- DATASET

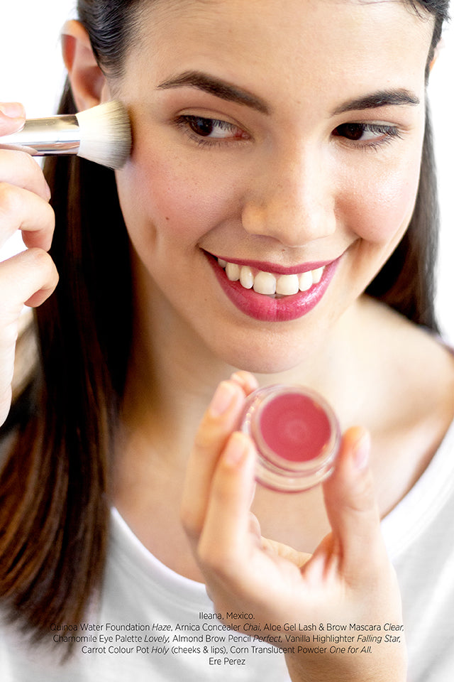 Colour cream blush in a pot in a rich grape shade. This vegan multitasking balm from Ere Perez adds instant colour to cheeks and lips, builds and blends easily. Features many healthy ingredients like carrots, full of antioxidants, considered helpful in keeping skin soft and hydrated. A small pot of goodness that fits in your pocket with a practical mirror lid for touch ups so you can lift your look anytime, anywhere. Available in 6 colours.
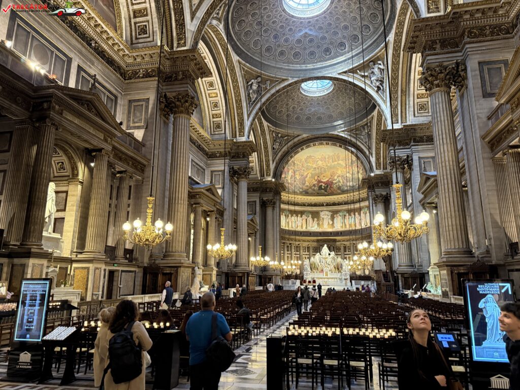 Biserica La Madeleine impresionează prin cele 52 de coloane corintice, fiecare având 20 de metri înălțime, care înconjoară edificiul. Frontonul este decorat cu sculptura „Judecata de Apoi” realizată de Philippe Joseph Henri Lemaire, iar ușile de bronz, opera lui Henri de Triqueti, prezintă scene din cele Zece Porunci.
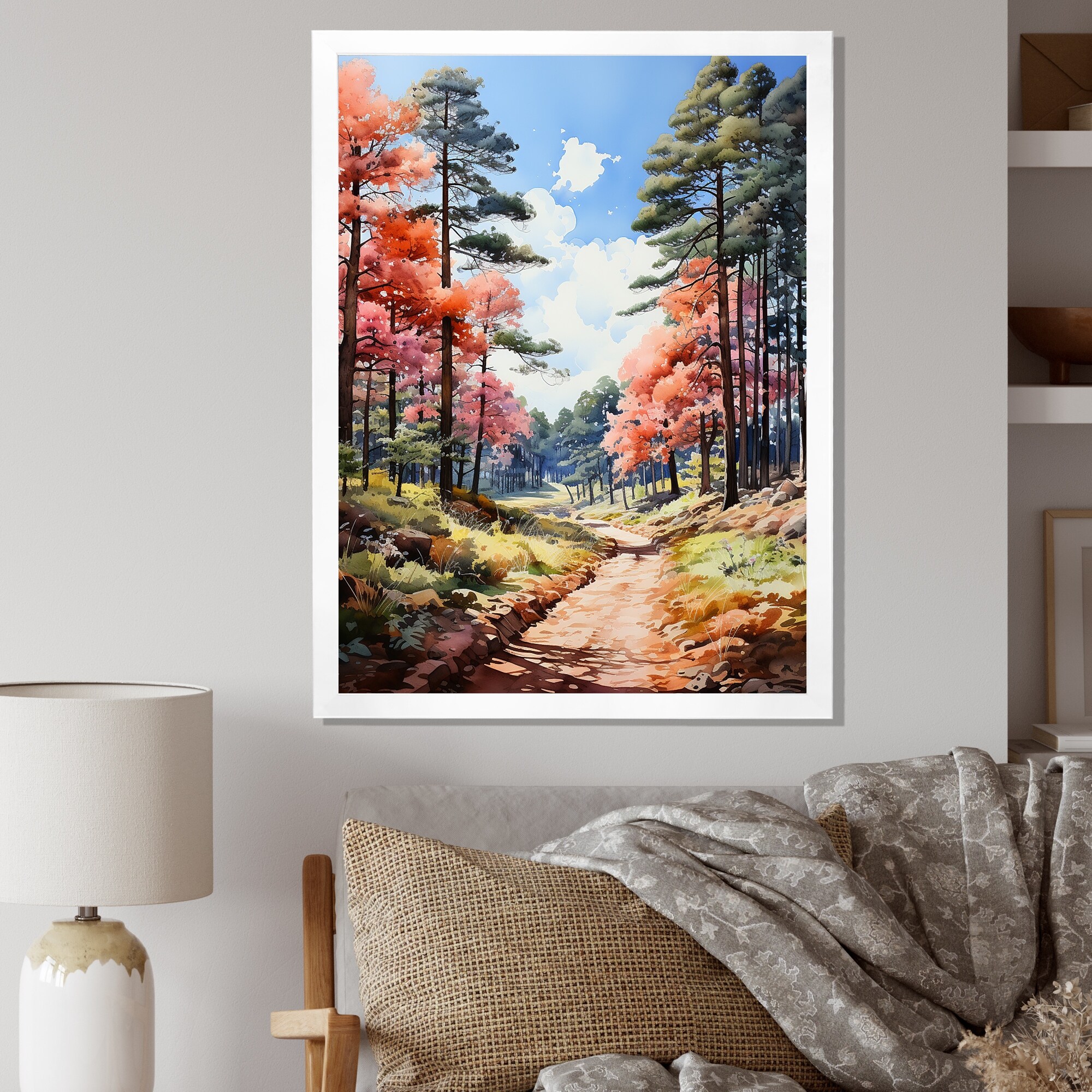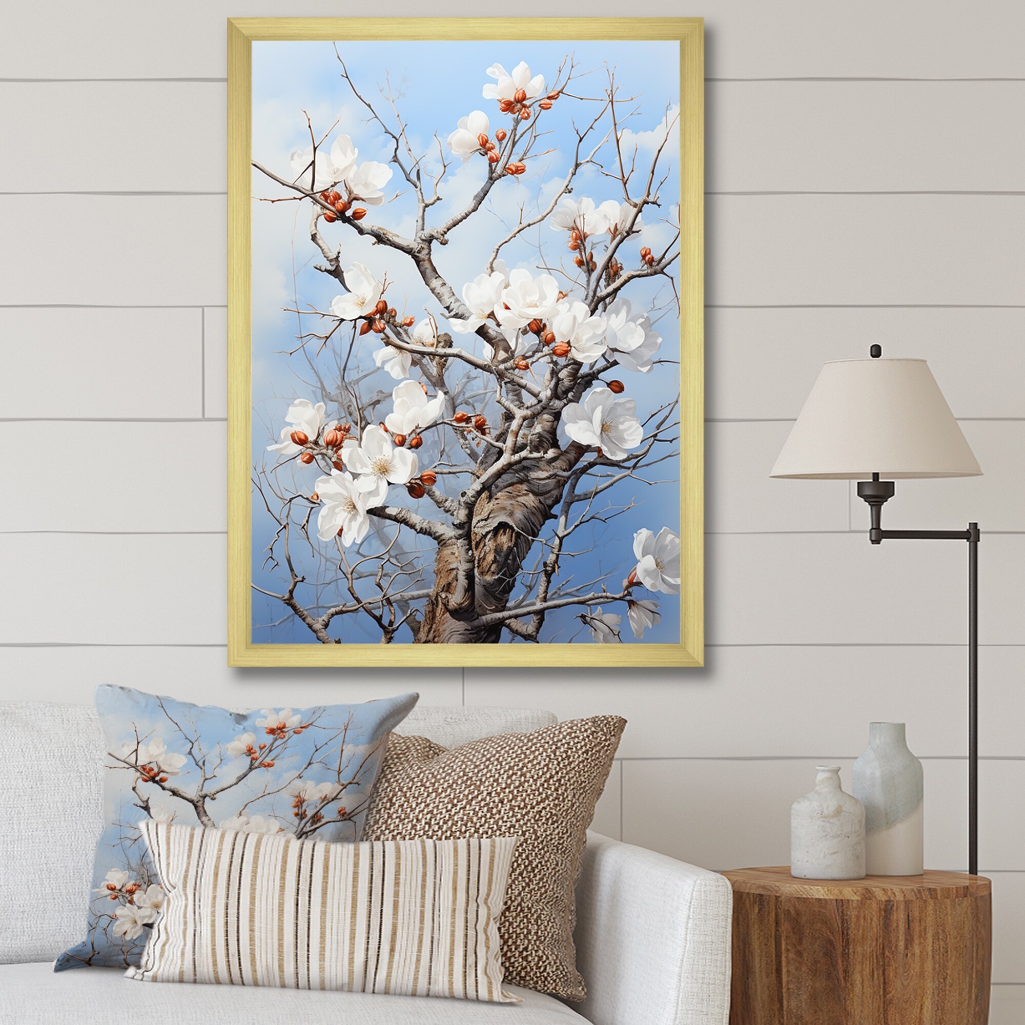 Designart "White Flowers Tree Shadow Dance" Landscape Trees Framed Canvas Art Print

* * *

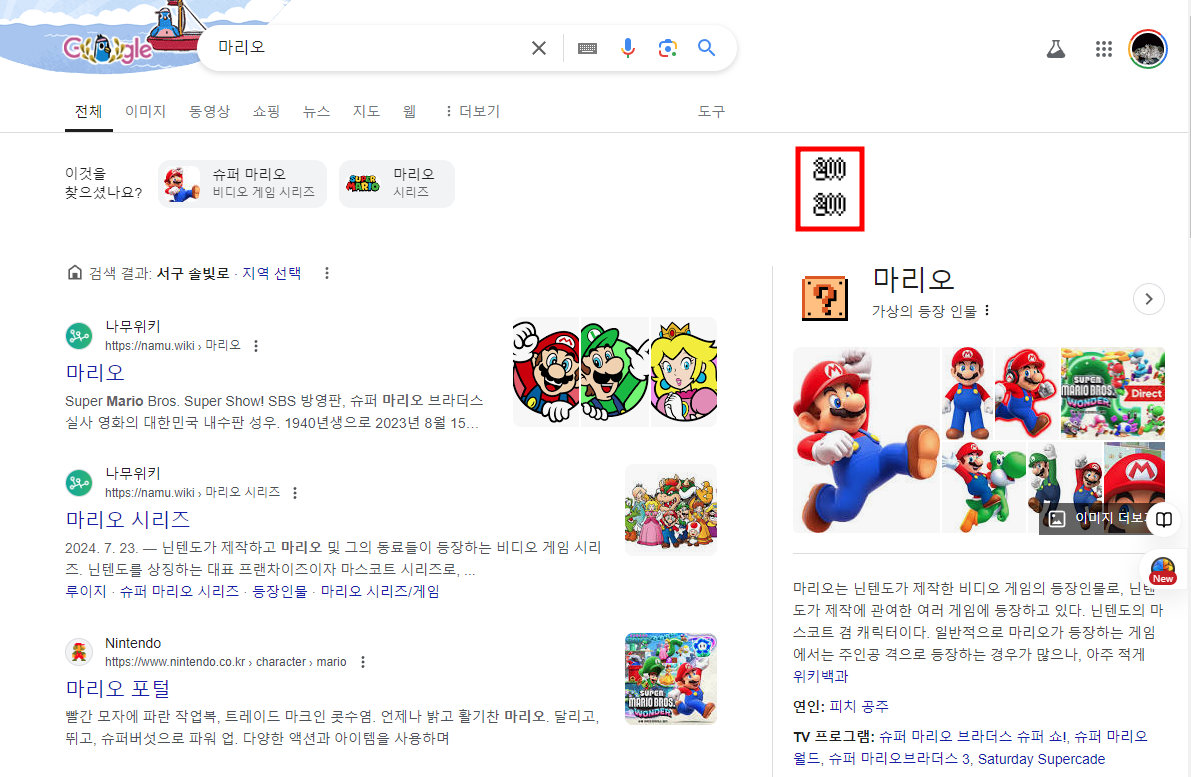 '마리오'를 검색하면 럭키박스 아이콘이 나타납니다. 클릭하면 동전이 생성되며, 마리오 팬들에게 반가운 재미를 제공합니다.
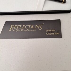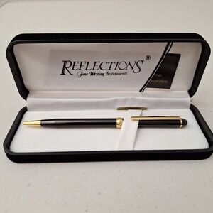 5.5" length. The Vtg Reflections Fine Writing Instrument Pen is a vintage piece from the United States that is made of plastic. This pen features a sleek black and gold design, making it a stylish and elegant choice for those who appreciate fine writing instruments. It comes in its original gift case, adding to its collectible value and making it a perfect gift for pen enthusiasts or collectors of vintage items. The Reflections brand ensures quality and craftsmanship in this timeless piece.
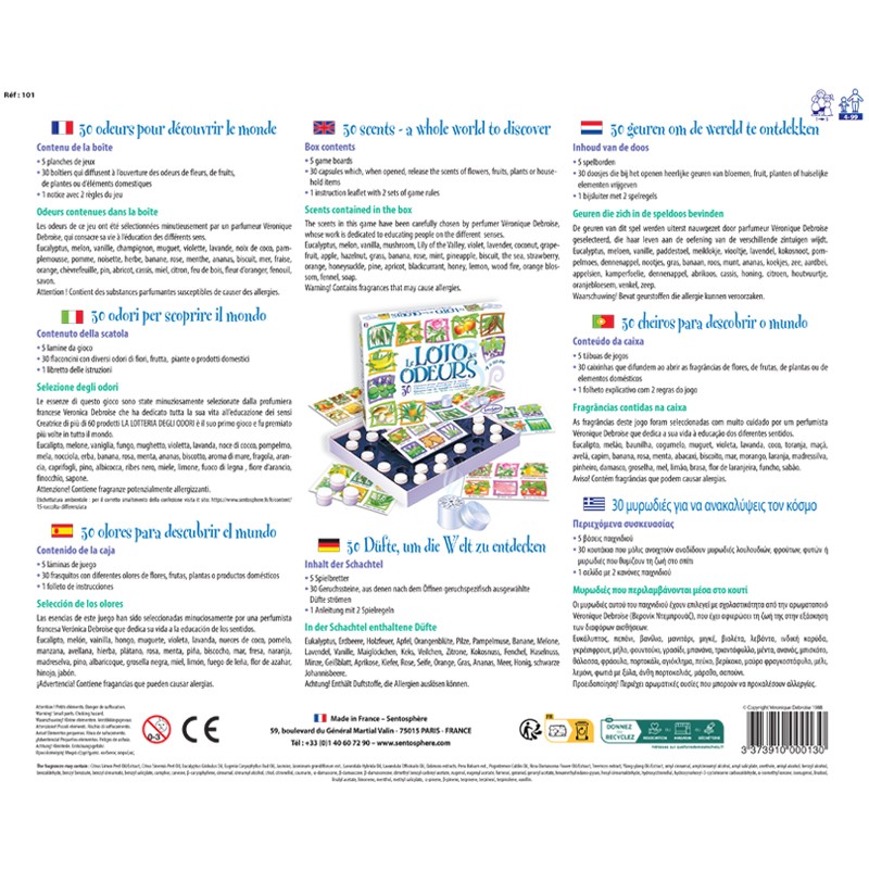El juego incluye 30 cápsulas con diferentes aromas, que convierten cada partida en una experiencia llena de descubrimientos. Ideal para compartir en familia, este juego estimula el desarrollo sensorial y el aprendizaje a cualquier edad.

- REQUIRED ACTION
In the records above, find the line with "Colour cream blush". Print exactly from there through the line with "Canvas Art Print", minus the pictures.

- REPLY
 Colour cream blush in a pot in a rich grape shade. This vegan multitasking balm from Ere Perez adds instant colour to cheeks and lips, builds and blends easily. Features many healthy ingredients like carrots, full of antioxidants, considered helpful in keeping skin soft and hydrated. A small pot of goodness that fits in your pocket with a practical mirror lid for touch ups so you can lift your look anytime, anywhere. Available in 6 colours.
 Biserica La Madeleine impresionează prin cele 52 de coloane corintice, fiecare având 20 de metri înălțime, care înconjoară edificiul. Frontonul este decorat cu sculptura „Judecata de Apoi” realizată de Philippe Joseph Henri Lemaire, iar ușile de bronz, opera lui Henri de Triqueti, prezintă scene din cele Zece Porunci.
 Designart "White Flowers Tree Shadow Dance" Landscape Trees Framed Canvas Art Print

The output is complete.